Records from a dataset:

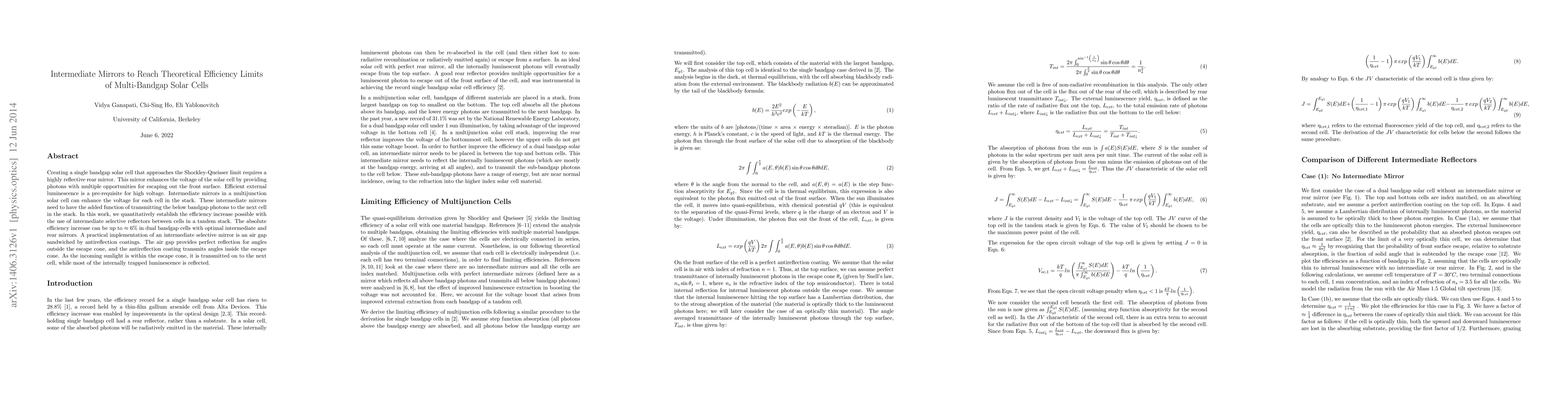 Researchers found that intermediate mirrors in multi-bandgap solar cells can increase efficiency up to 6% by enhancing voltage and transmitting below bandgap photons. This innovation uses air gaps sandwiched by antireflection coatings to improve performance.
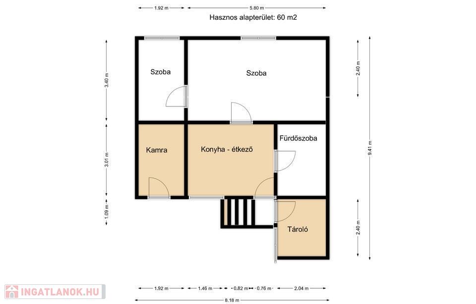 Az ingatlan 60 m² alapterületű, praktikus elosztású:
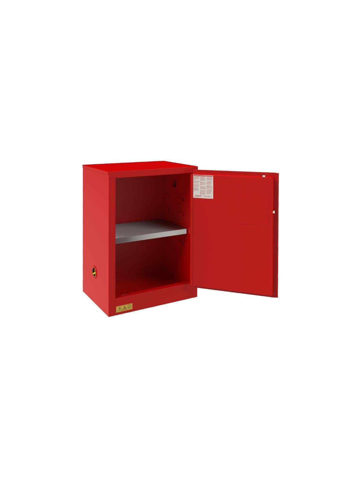 Flammable Storage Cabinets are required by OSHA and UFC in commercial and industrial facilities where flammable liquids are used and stored. Cabinets feature recessed lockable paddle latch and 3 point locking systems which greatly improves security. Bunged air vents on each side of the cabinet allows for greater ventilation. Constructed of all welded Heavy Duty Steel.
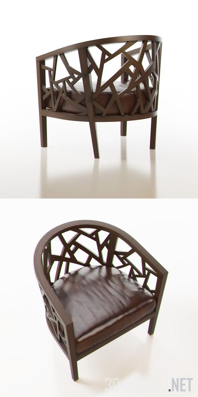 Деревянное кресло коричневого цвета, модель Ankara Truffle Frame от Crate&Barrel. Кресло с интересной резной спинкой и мягким сиденьем, обтянутым кожей шоколадного цвета.
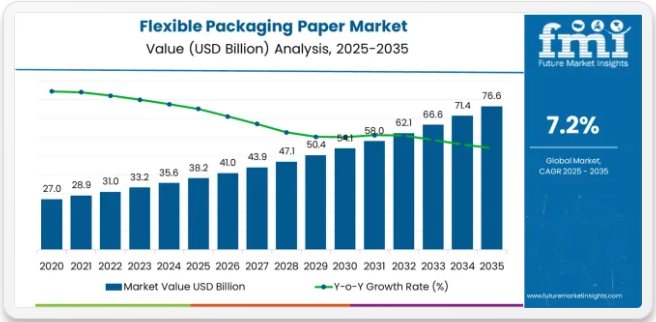 世界のフレキシブル包装紙市場は、2025年に382億米ドルと評価され、2035年までに766億米ドルに達すると予測されており、予測期間中に382億米ドルの絶対的な増加を記録する見込みです。これは総成長過程100.0%に相当し、2025年から2035年にかけて市場は年平均成長率(CAGR)7.20%で拡大すると予測される。

= WHAT YOU SHOULD DO =
Exact copy, pictures excluded: print only the lines from the line containing "Деревянное кресло коричневого" through the end of the records.

= RESPONSE =
 Деревянное кресло коричневого цвета, модель Ankara Truffle Frame от Crate&Barrel. Кресло с интересной резной спинкой и мягким сиденьем, обтянутым кожей шоколадного цвета.
 世界のフレキシブル包装紙市場は、2025年に382億米ドルと評価され、2035年までに766億米ドルに達すると予測されており、予測期間中に382億米ドルの絶対的な増加を記録する見込みです。これは総成長過程100.0%に相当し、2025年から2035年にかけて市場は年平均成長率(CAGR)7.20%で拡大すると予測される。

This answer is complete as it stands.